Solution strategy

arc42 §4 — the toolchain’s shape is the consequence of eight architectural decisions. Each is captured as an ADR that :refines: the requirement or feature it answers.

Architecture Decision: Parser separated from codegen (strict layering) ADR_0070

status: open refines: FEAT_0050

Context. A monolithic “ESI to ethercrab driver” crate would conflate three concerns — XML parsing, IR shape and naming policy, and ethercrab-specific code emission. Downstream tools that need only one of these (a TwinCAT importer, a network configurator, the EEPROM verifier) would be forced to compile ethercrab and quote! machinery. Decision. Three crates: ethercat-esi (parser, no_std), ethercat-esi-codegen (IR + backend trait, no ethercrab), ethercat-esi-codegen-ethercrab (concrete backend). The parser owns no_std purity; the codegen owns naming and collision policy; the backend owns ethercrab opinion. Consequences. ✅ Each layer has one job and one reason-to-change. ✅ Future backends (soem, minimal, no_std-only) are net-additive — no parser or codegen churn. ❌ Three crates instead of one — more Cargo.toml surface for the eventual maintainer. Mitigated by the workspace being single-repo.

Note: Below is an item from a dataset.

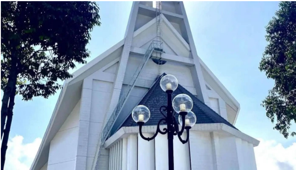
Nha tho giao xu ben da nha tho kito giao

Architecture Decision: Two-trait runtime split (EsiDevice + EsiConfigurable) ADR_0071

status: open refines: FEAT_0054

Context. The hot path (cyclic decode_inputs / encode_outputs) is synchronous and called from the cycle-loop. The bring-up path (configure) is async, issues SDO writes through the ethercrab API, and only runs during preop. Mixing them under one trait would force either: (a) an async fn on the hot-path methods (forbidden, wrong semantics), or (b) a sync configure that can’t talk to ethercrab’s async SDO writes. Decision. Two traits. EsiDevice is sync, mandatory, owns the hot path. EsiConfigurable: EsiDevice is async, optional (a device without configurable PDO mappings can skip it), owns the preop SDO sequence. Consequences. ✅ Hot path stays sync and zero-cost. ✅ Devices that don’t need preop SDO writes don’t need to implement the async trait. ❌ Two trait names instead of one; the consumer-side dispatcher has to handle both shapes. Acceptable cost; the generated code shoulders most of the burden.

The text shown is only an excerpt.